If you go to a talk about dynamic spectrum access, cognitive radio or any other topic remotely connected with the way radio spectrum is used or regulated, chances are one of the slides in the introduction will contain the following chart. The multitude of little colorful boxes is supposed to impress on the audience that the spectrum is overcrowded with existing allocations and that any future technology will have problems finding vacant frequencies.
I admit I've used it myself in that capacity a couple of times. "The only space left unallocated is beyond the top-left and bottom-right edges, below 9 kHz and above 300 GHz", I would say, "and those frequencies are not very useful for new developments.". After that I would feel free to advertise the latest crazy idea that will magically create more space, brushing away the fact that spectrum seems to be like IPv4 address space - when there's real need, powers that be always seem to find more of it.

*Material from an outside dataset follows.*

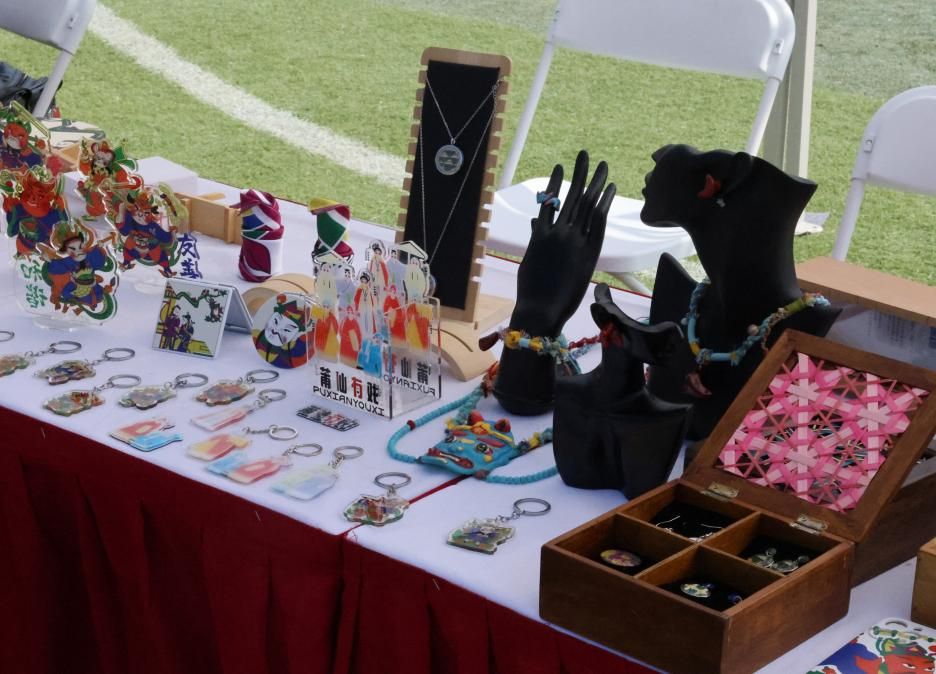 “非遗传承”展示了美术与设计学院师生共同创作具有苗族、瑶族、汉族特色的非遗文创作品,包括棕编系列、莆仙戏剧系列、梅傩百相系列、滩头年画系列等形式多样、内涵丰富

Image by U.S. Department of Commerce
I was soon getting a bit annoyed by this chart. When you study it you realize it's showing the wrong thing. The crowdiness of it does fit with the general story people are trying to tell, but the ITU categories shown are not the problematic part of the 100 year legacy of radio spectrum regulations. I only came to realize that later though. My first thought was "Why are people discussing future spectrum in Europe, using a ten year old chart from U.S. Department of Commerce showing the situation on the other side of the Atlantic?"
Although there is a handful of similar charts for other countries on the web, I couldn't find one that I would be happy with. So two years back, with a bit of free time and encouraged by the local Open Data group, I set off to make my own. It would show the right thing, be up to date and describe the situation in my home country. I downloaded public PDFs with the Slovenian Electronic Communications Act, the National Table of Frequency Allocations and also a few assorted files with individual frequency licenses. Then I started writing a parser that would turn it all into machine-readable JSON. Then, as you might imagine if you ever encountered the words "PDF", "table" and "parsing" in the same sentence, I gave up after a few days of writing increasingly convoluted and frustrating Python code.
Fast forward two years and I was again going through some documents that discuss these matters. I remembered this old abandoned project. In the mean time, new laws were made, the frequency allocation table was updated several times and the PDFs were structured a bit differently. This meant I had to throw away all my previous work, but on the other hand new documents looked a bit easier to parse. I again took the challenge and this time I managed to parse most of the basic NTFA into JSON after a day of work and about 350 lines of Python.
I won't dive deep into technicalities here. I started with the PDF converted to whitespace-formatted UTF-8 text using the pdftotext tool which comes with Poppler. Then I had a series of functions that successively turned text into structured data. This made it easy to inspect and debug each step. Some of the steps included were "fix typos in document" (there are several, by the way, including inconsistent use of points and commas for decimal marks), "extract column widths", "extract header hierarchy", "normalize service names", etc. If there will be interest, I might present the details in a talk at one of the future Open Data Meetups in Ljubljana.
Once I had the data in JSON, drawing a visualization much like the U.S. one above took another 250 lines using matplotlib. Writing them was much more pleasant in comparison though. In hindsight, it would actually make sense to do the visualization part first, since it was much easier to spot parsing mistakes from the graphical representation than by looking at JSON.
My chart also still just lists the ITU categories. Not only do they have very little to do with finding space for future allocations, they are useless for spotting interesting parts of the spectrum. For example, the famous 2.4 GHz ISM band doesn't stand out in any way here - it's listed simply under "FIXED, MOBILE, AMATEUR and RADIOLOCATION" services. All such interesting details regarding licensing and technologies in individual bands is hidden in various regulations, scattered across a vast amount of tables, appendices and different PDF documents. It is often in textual form that currently seems impossible to easily extract in an automated way.
I'm still glad that I now have at least some of this data in computer-readable form. I'm sure it will come handy in other projects. For instance, I might eventually use it to add some automatic labels to my real-time UHF and VHF spectrogram from the roof of the IJS campus.
I will not be publicly publishing JSON data and parsing code at the moment. I have concerns about its correctness and the code is so specialized for the specific document that I'm sure nobody will find it useful for anything else. However, if you have some legitimate use for the data, please send me an e-mail and I will be happy to share my work.